The Bigger Picture: What This Means for Tax Policy in Alaska

Historical context: This isn’t the first time Alaska has grappled with excise taxes. In 2022, Governor Dunleavy vetoed a proposed gas tax increase, citing economic harm to rural residents. The move led to a $200 million shortfall in transportation funding, forcing the state to issue bonds instead.

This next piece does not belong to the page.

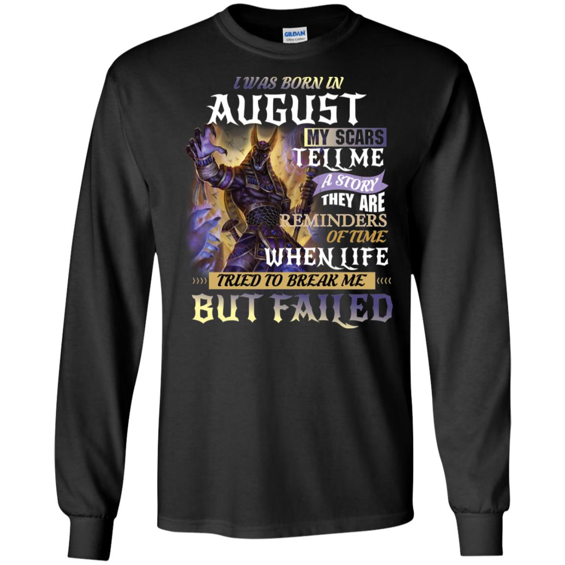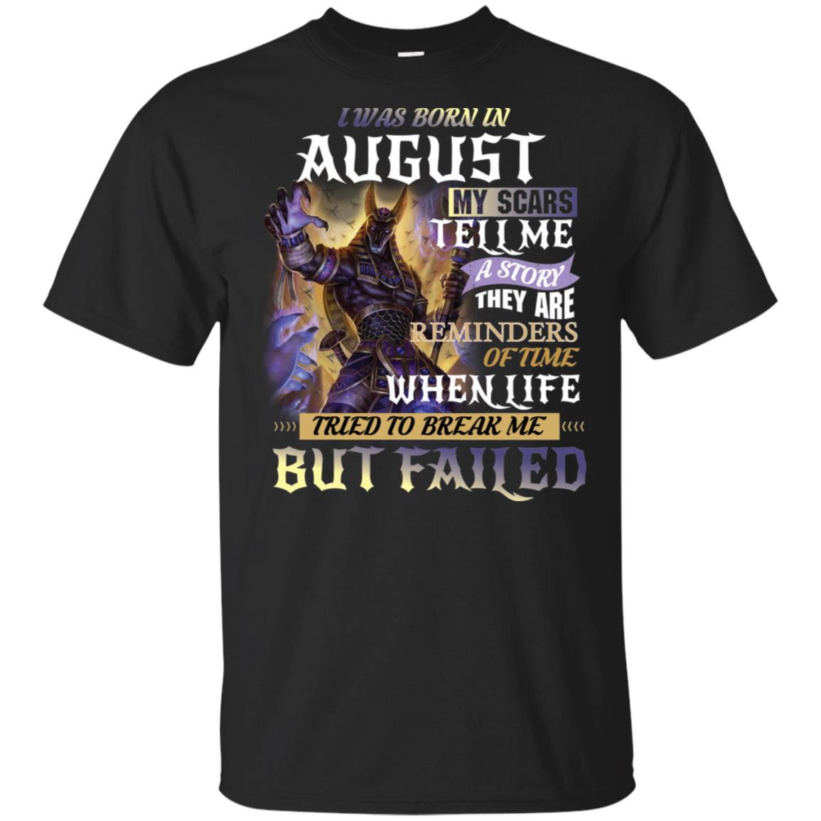 The “I Was Born In August My Scars Tell A Story They Are A Reminder Of Times When Life Tried To Break Me But Failed Shirt” is available in a variety of popular styles to suit different climates and preferences. You can choose from: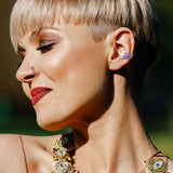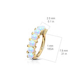 A set of seven synthetic opal gems set on a bendable hoop ring crafted from 316l surgical steel, for a subtle yet mesmerising shimmer. Designed for effortless wear and versatility, these hoops are perfect for ear cartilage, eyebrow, nose, and more, allowing endless styling possibilities. Their smooth, flexible structure ensures a secure and comfortable fit.

The vape tax veto follows a similar playbook—prioritizing economic stability over targeted revenue generation.

Forward-looking warning: If the Legislature fails to secure alternative funding, Alaska’s education system could face deeper cuts, particularly in rural districts. Meanwhile, small businesses—already struggling with inflation—gain temporary relief. But without structural reforms, the state risks repeating past fiscal crises when oil prices dip again.

Final thought: “This veto isn’t just about vaping—it’s about how Alaska funds its future,” said Chen. “If lawmakers can’t find a sustainable way to replace lost revenue, we’ll see more of the same: short-term fixes that create long-term problems.” For businesses and communities navigating this uncertainty, proactive financial and legal planning is essential. Explore our directory for verified tax consultants, small business advisors, and public policy experts equipped to help you adapt.